Giving back is something Hubbard said he is interested in, which is why he jumped at the opportunity.

“I like doing it,” he said. “I genuinely want to help.”

When asked why, Hubbard pointed to helping those who do not get to experience games as frequently as he and his teammates.

“It’s just to help other people that don’t have the advantages that we do,” he said during a break from helping participants with drills. “It’s probably their only time to really play basketball, and I like to give back.”

Baugh said it was fun to see them participate in the sport he and his teammates spend so much time playing, whether during practice, a game or for fun.

“Our team practices every day and have games all throughout the season, but players here today may not get to play basketball as often, and it’s really fun to see them have a good time while playing,” he said.

But the best part is seeing a player hit a shot and their reaction when they’ve been struggling to make one.

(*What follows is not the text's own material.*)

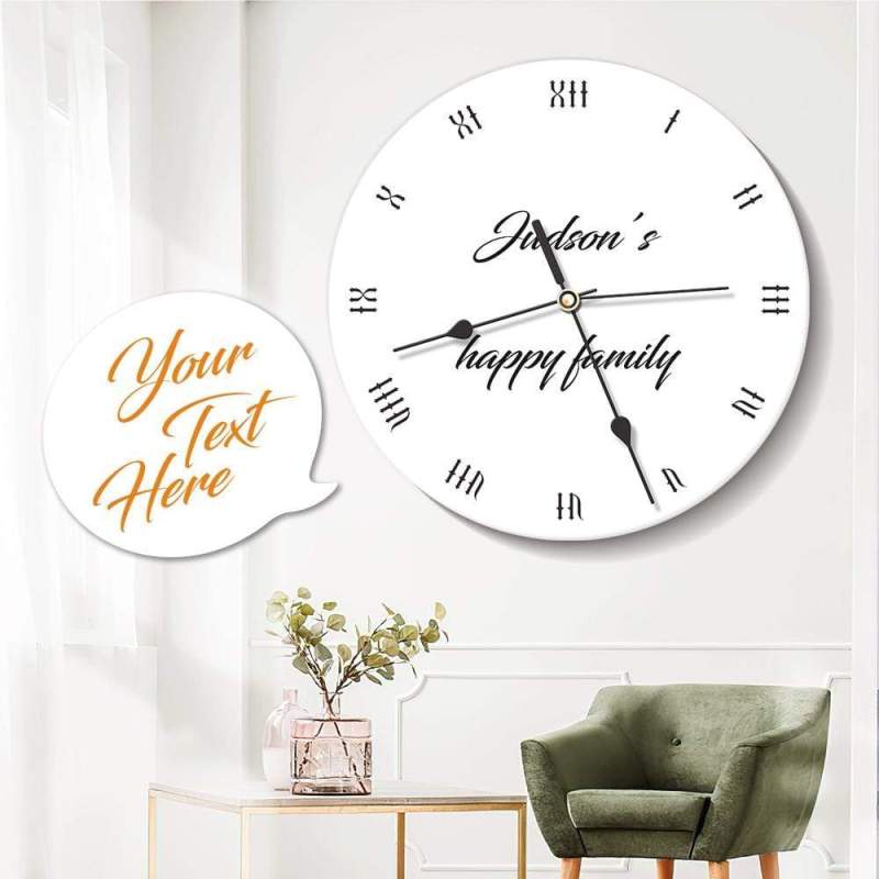 • This personalised wall clocks serves as a perfect gift for a new home gift. The high-quality printed wall clock will be an essential decoration of your home, office, or kitchen wall.

“It’s really good because they get so excited, and it’s really fun to see that,” Baugh said. “Everybody loves to play basketball, and when they shoot it and make it, everyone is happy for them. Everyone is cheering them on.”

That’s why the club hosts the event and what makes the game of basketball important, Ray said.

“They turn around and you see this big smile on their face or they put their hand in the air and get the crowd working,” he said. “It makes them feel good, and that’s what this is all about.”

The tournament normally is conducted on a Saturday in early January each year, but it was moved to February because of inclement weather.